With hours to go before the NFL’s 53-man roster cutdown deadline, Patriots head coach Bill Belichick was asked a simple question:
Does having to cut a large swath of New England players at this time each year weigh on him emotionally?
Short answer: “Absolutely. Without a doubt.”
This is a difficult day even for Belichick, who became known for ruthlessly prioritizing team success over personal relationships as he built the Patriots’ dynasty. His explanation of why, given during his Tuesday morning Zoom call, lasted more than four minutes and featured nearly 600 words.
Here’s a full transcript of the Patriots coach’s response:
“Everybody knows what the situation is when we go into it. We have 90 players. We go to 53. Thirty-seven of the 90 can’t be on the team.
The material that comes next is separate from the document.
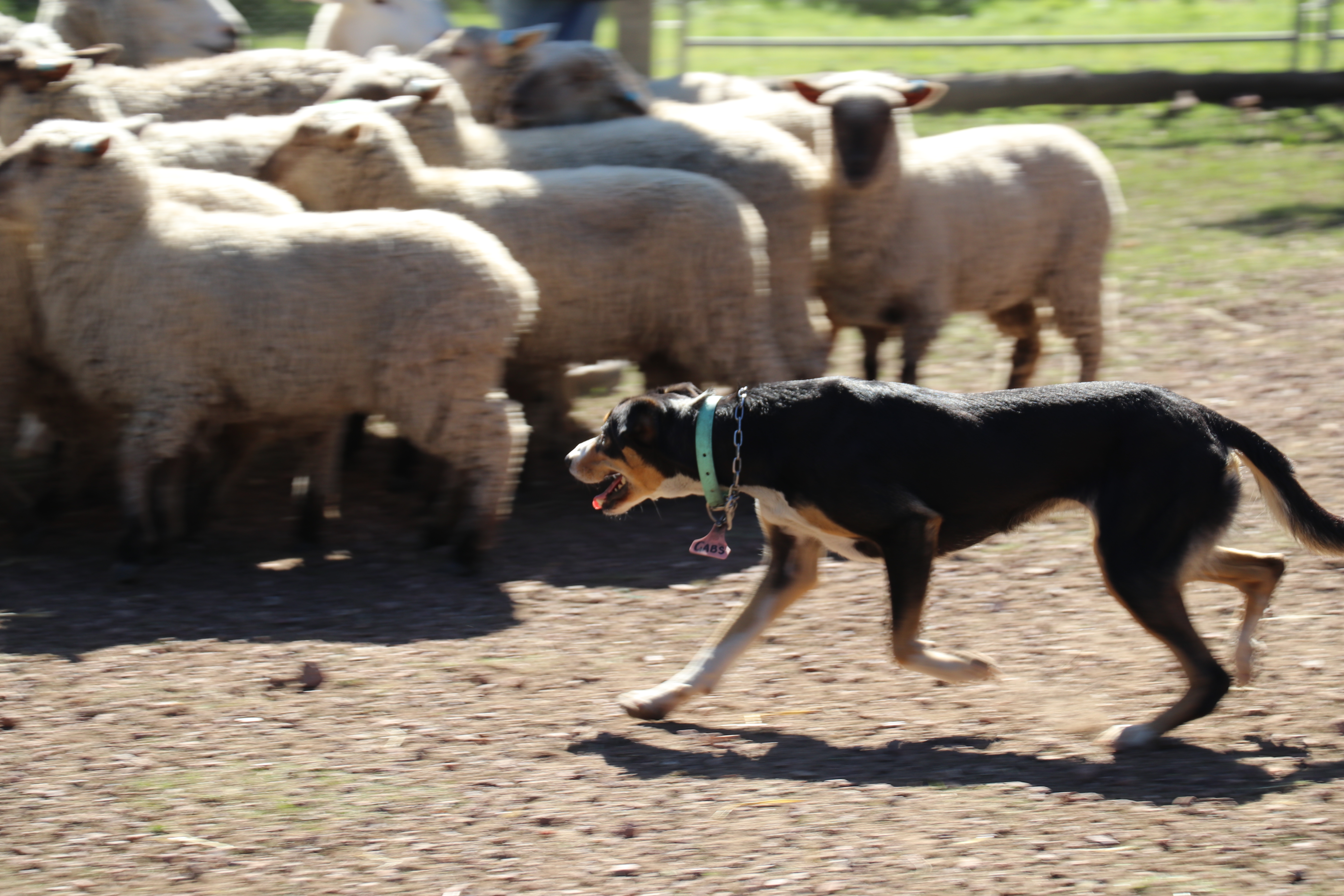 Gabs is such a loving, affectionate girl who has a high work drive and calm presence around stock. She also does have a fair bit of eye. Gabs is versatile working sheep, cattle & goats. While she has a fair bit of patience, she does have a nice clean nose bite on cattle when needed.

Whichever 37 they are, that’s another conversation, but 37 of the 90 can’t make the 53-man roster. We all know that this is a production business, and it’s very competitive, and when you join the National Football League, you know what that’s going to be. You’re one of 90; you have to earn a spot as one of the 53. So there’s no new rules, ground rules — there’s nothing new there.
“The actual process is very difficult for all of us — myself, certainly assistant coaches who have established a close relationship with their players and respect for their players because of their effort, work ethic and commitment that they make to the team. But ultimately, 37 of those 90 players can’t be with the team. It’s always difficult to talk to those players about the fact that they’ve done a lot, they’ve contributed a lot, they’ve worked hard, they’ve put a lot into it, but 37 of the 90 — or now 27 of the 90 with the roster being at 80 — are not going to be on the 53-man roster.
“So that is difficult. It’s difficult for the players. I’m sure all their family, friends and so forth hear the news, contact them and so forth. There’s the hard part of dealing with that. The flip side of that is 53 players with a 16-man practice squad puts you 69 — let’s call it 70. So now there are, let’s call it 10 players that — again, players can come from other teams and so forth, but just in round numbers — the 27 really is a little closer to 10. It’ll be more than 10, but a little closer to 10 than the 27 because those players potentially would be players that’ll be asked to be on the practice squad, which will enable them to continue their career and their development in the National Football League, just not on the 53-man roster.
“So that’s a little bit of a bridge in the whole process. I don’t think any player would see that as good news, but it’s not as bad as not being on the (team at all). It’s some kind of a bridge in between. And honestly, for some players, practice squad is a realistic goal for them if at the initial stage of the process at the 90 when they came to the team — whenever that was; training camp or draft or the spring or whenever — that just being on the roster, being able to continue to develop their skills, knowing that they’re not quite ready in the short run but they have long-term potential. That’s realistic too in some cases.
“So, long answer to your question. Some players, we have to move on from. Some players, there may be an opportunity on the practice squad, not on the 53-man roster. And then of course, all that is subject to the player’s individual situation, whether he’s a vested veteran and terminates as a free agent or whether he’s subject to waivers and we’ll see what happens on that on Wednesday when the other teams respond to the waiver wire with potential claims.
“But it’s a difficult time for players, the head coach and, I would say, position coaches and other members of the organization who have established relationships with the players with whatever roles they have, whether it be trainers, equipment people, operations, PR, media.”
The Patriots must finalize their initial 53-man roster by 4 p.m. ET on Tuesday.